Archie Smeaton
- Born: 7 March 2001 Cottingham, England
- Height: 1.90 m (6 ft 3 in)
- Weight: 105 kg (16 st 7 lb)
- School: Hymers College, Hull
- University: Queens' College, Cambridge

Rugby union career
- Position: No. 8 / Flanker

Amateur team(s)
- Years: Team / Apps / (Points)
- -: Hull Ionians
- -: Yorkshire Carnegie
- 2020: Cambridge University

Senior career
- Years: Team / Apps / (Points)
- 2022–23: Glasgow Warriors / 0 / (0)
- 2023-: Doncaster Knights / 39 / (20)

Super Rugby
- Years: Team / Apps / (Points)
- 2021–22: Ayrshire Bulls

International career
- Years: Team / Apps / (Points)
- Scotland U16
- 2018: Scotland U18
- England U18
- 2020-21: Scotland U20 / 3 / (0)

= Archie Smeaton =

English rugby union player (born 2001)

Archie Smeaton (born 7 March 2001) is a Scottish rugby union player who plays for Doncaster Knights. He previously played for Ayrshire Bulls and Glasgow Warriors.

==Rugby Union career==

===Amateur career===

He played youth rugby for Hull Ionians. He joined the Scottish Exiles program. He then went to Hymers College and played for their college team. He then joined Yorkshire Carnegie's academy.

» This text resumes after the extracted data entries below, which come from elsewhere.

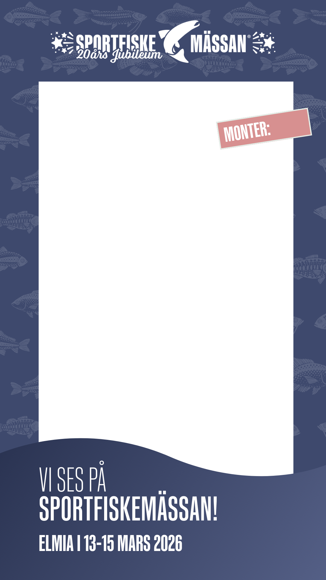 Som utställare och partner räknar vi med att ni maximerar möjligheterna som denna mässa skapar genom att bjuda in besökare och sprida ordet om Sportfiskemässan i era kanaler och nätverk.
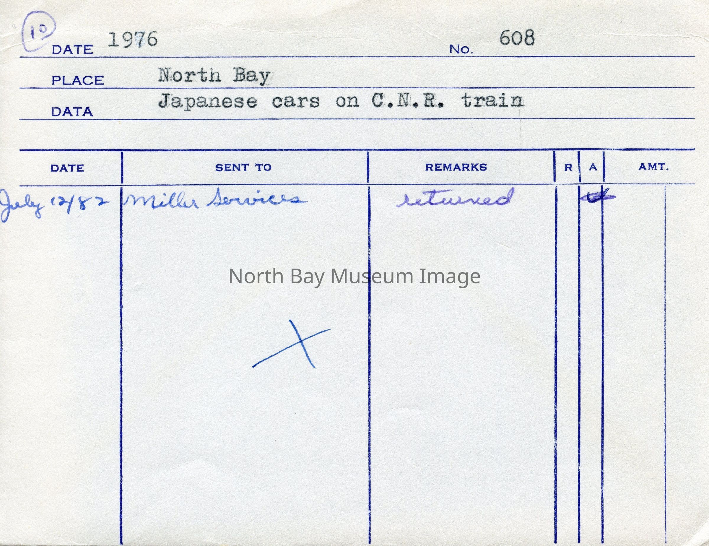 Inscriptions: "1976", "No. 608", "North Bay", "Japanese cars on C.N.R. train." Forder put the item(s) in this envelope, so contents have original order.
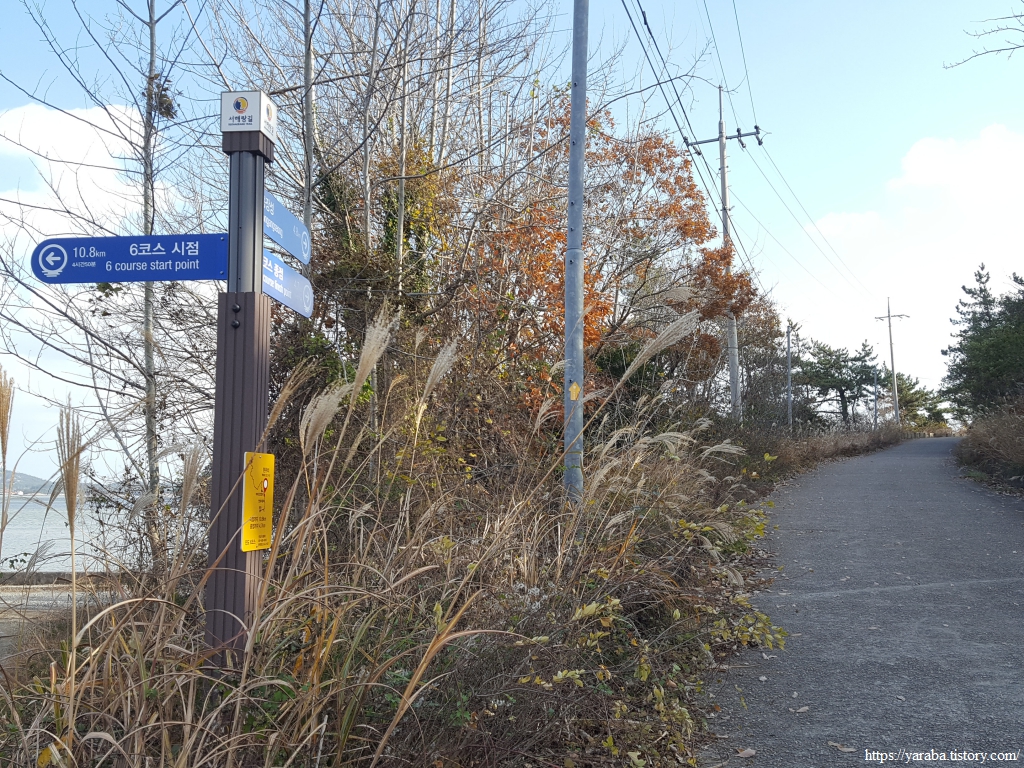 삼별초 호국역사 탐방길 표지판이 있고 서해랑길과 만나기도 하지만 동일한 길은 아니다. 서해랑길 6코스는 방조제 둑방길을 걷는다.
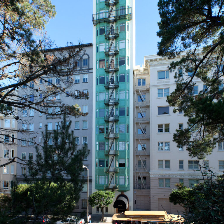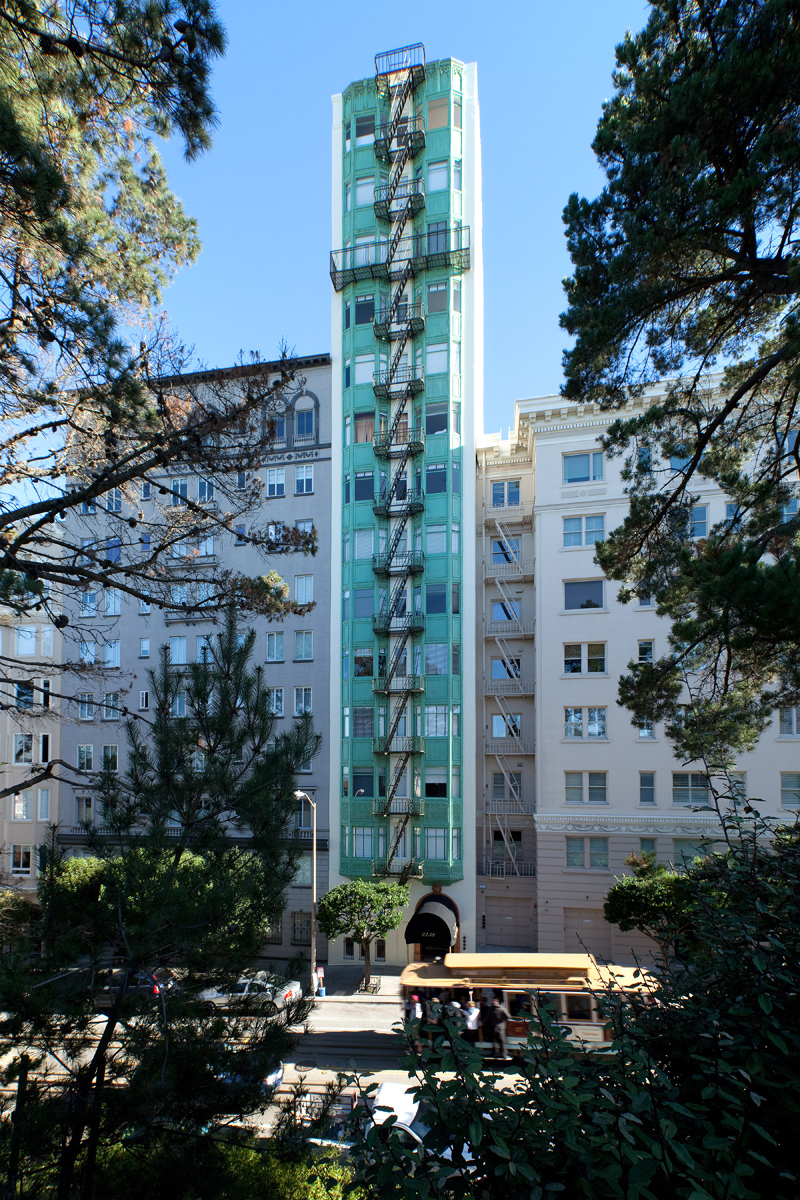 Concrete restoration, spall repair and waterproofing project: VIP elastomeric coatings and faux finish front elevation.

He went to Queens College, Cambridge and played for Cambridge University, being selected for the match against Oxford University.

===Professional career===

He played for Ayrshire Bulls for the season 2021-22. After good performances with the Ayrshire club in the Super 6 league he was voted in the Super 6 fans combined team of the season, with a slot on the bench.

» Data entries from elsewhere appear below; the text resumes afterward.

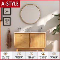 苏宁放心购北欧实木浴室柜组合简约落地柜日式原木色小户型卫生间洗漱台盆柜A-STYLE
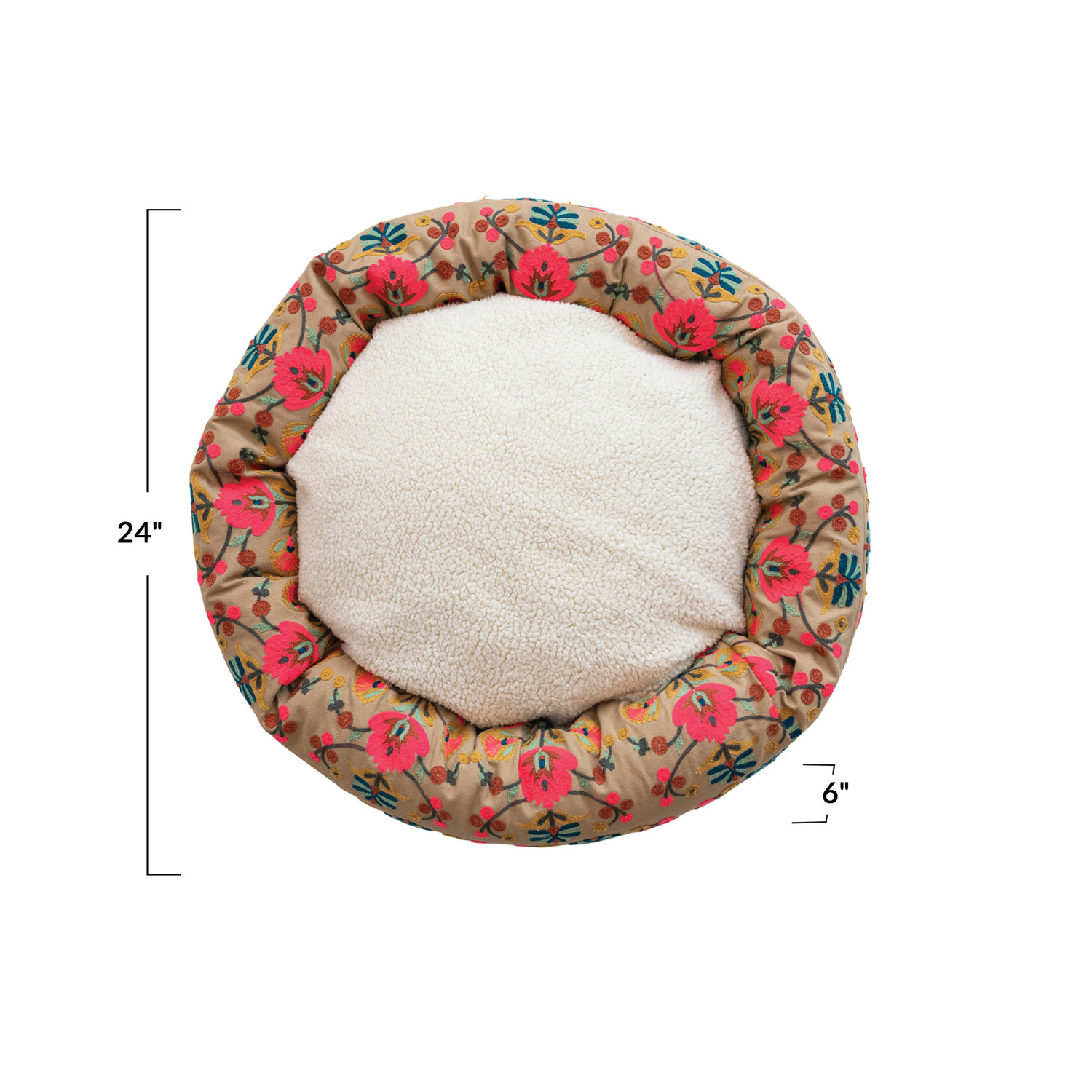 Catalog Name: 24" Round x 6"H Cotton Embroidered & Sherpa Pet Bed w/ Pattern & Washable Cover, Multi Color
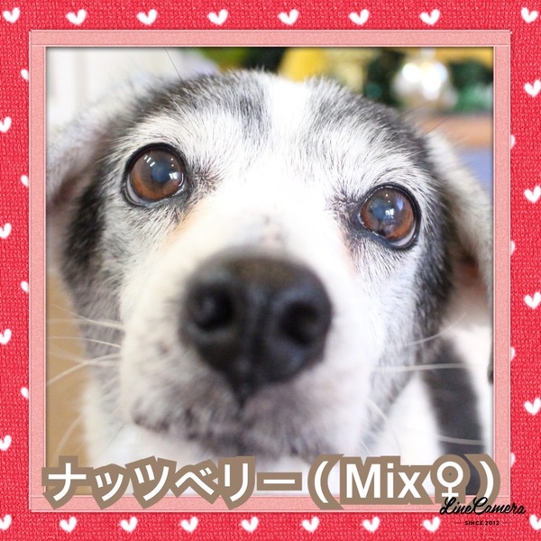 | 特徴(性格など) | 名前:ナッツベリー 犬種:Mix 性別:メス♀ 毛色:白黒 年齢:11〜12歳ぐらい 体重:7.2kg 性格:とても穏やかで可愛らしい子です。 人が好きで、遊ぶと言うよりは、寄り添りたいタイプです。 公園の道、ナッツが嫌な箇所はめっちゃトロトロ歩き 好きな場所はスタコラサッサで歩きます。 散歩後は、ソファ、ベッドと時々場所換えてぐっすりお休み、掃除機かけても起きない。 ナッツベリーはとくにおとなしい、他の犬にも自分からめったにクンクンいかず、じっと終わるまで待ってます。 |
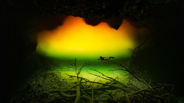 His entry, titled Underwater Aurora, shows a diver in the waters of a cenote sinkhole in Mexico.

He joined the Glasgow Warriors academy in 2022. He played for Glasgow Warriors 'A' against his old club Ayrshire Bulls on 7 April 2023, with the Warriors losing that match. The Warriors 'A' side with Smeaton got a better result against Boroughmuir Bears on 15 April 2023. Smeaton and the Warriors 'A' side narrowly lost to Stirling Wolves on 21 April 2023.

He moved to Doncaster Knights in the summer of 2023. He was voted fans player of the season for 2023-24, his first season with the club.

===International career===

Smeaton is English-qualified by birth and Scottish-qualified through his grandfather. He played for Scotland U16s in a tournament in Wales.

He was capped by both Scotland and England Under 18s sides. Smeaton was in the Yorkshire Carnegie academy when being picked for England. He said of the move: "It was a hard one for me because I had loved playing for Scotland, but if you are a member of an English club’s Academy it is expected that you will play for England." However he moved back into the Scottish pathway soon after this.

He played 3 matches for Scotland U20s in their Six Nations campaign in season 2020-21.